Blood sugar levels that are abnormal in the human body accumulate in blood vessels as glucose is converted into energy. Diabetic retinopathy (DR) develops when a patient has had diabetes for more than ten years. DR occurs due to high blood pressure and causes damage to the retina, and it damages the retinal vascularization, which may cause blindness and death. Ophthalmologists can only observe retinal vascular swelling by conducting fundoscopy tests, but these are time-consuming and expensive. By 2030, there are estimated to be 552 million diabetic patients worldwide, and DR is a leading cause of blindness [1,2].

Detecting and treating visual loss early is the key to preventing visual loss [3]. In severe cases, the vessels swell, leak fluid, or block blood vessels, which results in abnormal blood vessel growth and complete blindness. Microaneurysms, hemorrhages, and exudates are the main symptoms of DR on the retina. A lesion’s shape, size, and overall appearance determine its severity.

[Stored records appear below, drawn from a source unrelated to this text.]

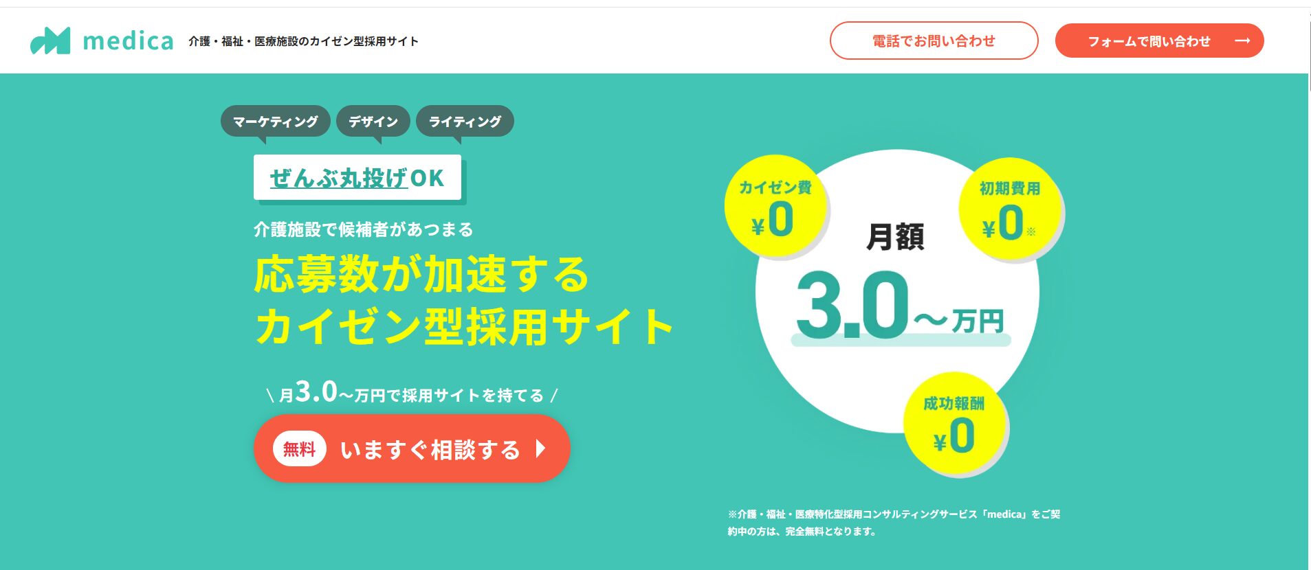 『介護・福祉・医療施設のカイゼン型採用サイト medica』|『Studio』サイト開発事例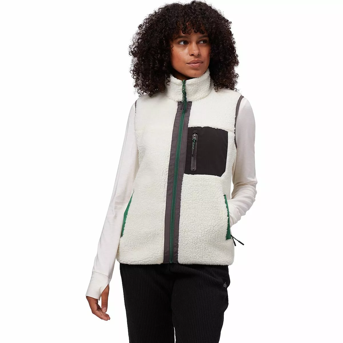 Wear the Reversible Mixed Media Sherpa Vest with a pop of color from a single chest pocket or flip it and reverse it to feature a minimalist design. This vest is for chilly fall days and walks in the park, but we also like to toss it on post-pilates when we opt to grab dinner on the go. A full Sherpa fleece construction keeps us warm and comfortable so we feel like we’re wrapped in our warmest blanket — a must for late fall in the mountain west.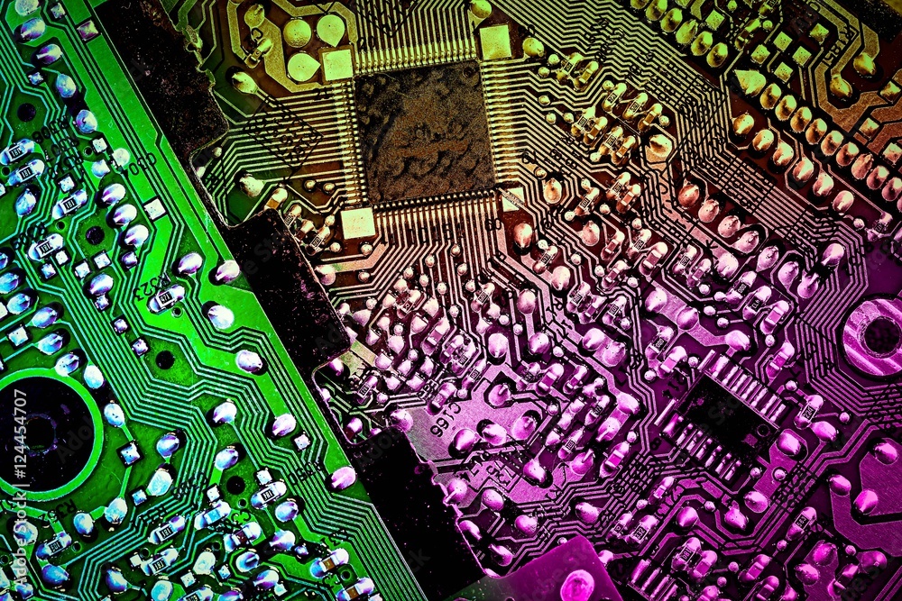 Abstract technology background computer motherboard, toned in violet yellow green colors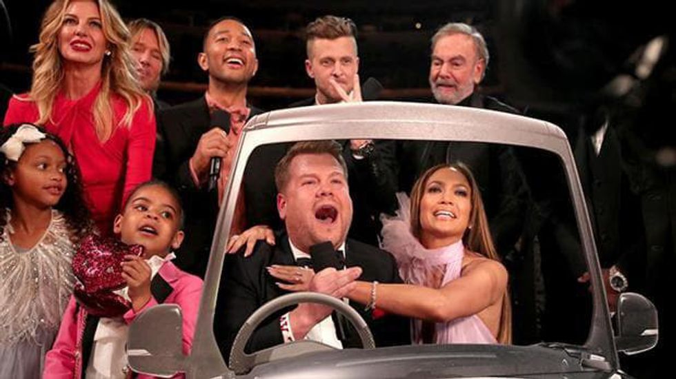 Though he may be best known as the driver in the viral Carpool Karaoke videos, the Late Late Show on CBS's host had a ton of not-so-hidden talents up his sleeve as this year's host. Corden opened the show by falling down the stairs, then preceding to flawlessly rap his opening monologue. Another highlight was a particularly special edition of Carpool Karaoke done live, featuring JLo, Faith Hill and Tim McGraw, John Legend, and Neil Diamond all singing his classic "Sweet Caroline." To top it off, Blue Ivy Carter herself ran over to join the Carpool fun.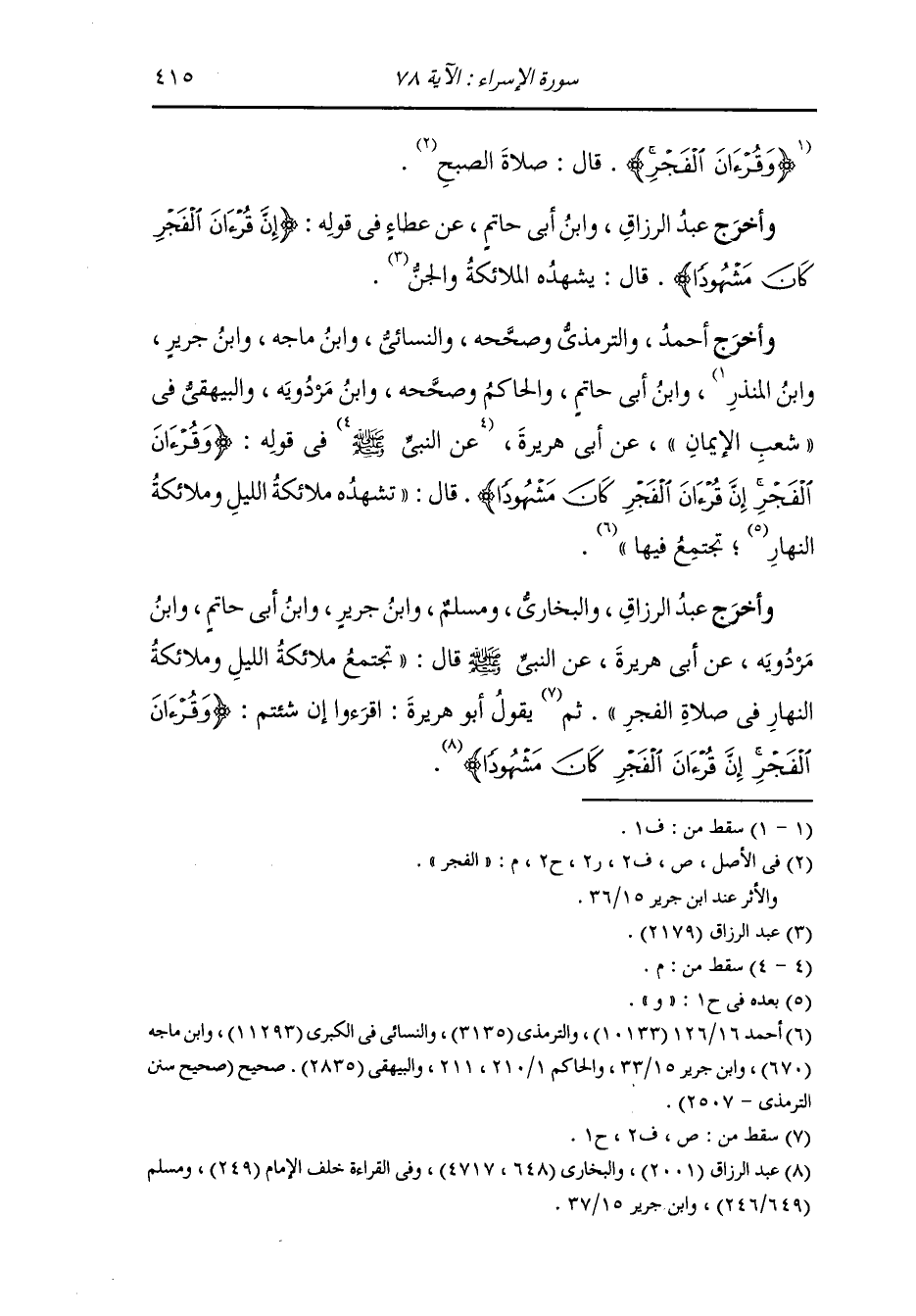 وأخرج أحمد والترمذي وصححه والنسائي ، وَابن ماجة ، وَابن جَرِير ، وَابن المنذر ، وَابن أبي حاتم والحاكم وصححه ، وَابن مردويه والبيهقي في شعب الإيمان عن أبي هريرة رضي الله عنه في قوله : {وقرآن الفجر إن قرآن الفجر كان مشهودا} قال : تشهده ملائكة الليل وملائكة النهار تجتمع فيها.

Fundus photography is an ophthalmologic screening method for DR [4]. Preventing diabetes-related blindness is clinically effective and cost-effective with an automated assessment technique [5].

Ophthalmologists diagnose the presence and the severity of the DR through a visual assessment by direct examination and evaluation of the eyes. For large numbers of diabetic patients globally, this process is expensive and time-consuming [6]. DR severity and early diagnosis of the disease remain a challenge, with statistics among trained ophthalmologists varying substantially [7]. Moreover, 75% of DR patients live in underdeveloped regions where sufficient ophthalmologists and the infrastructure for detection are unavailable [8]. Global screening activities have been created to counter the proliferation of preventable eye diseases, but DR exists at too large a scale to detect and treat DR efficiently on an individual basis.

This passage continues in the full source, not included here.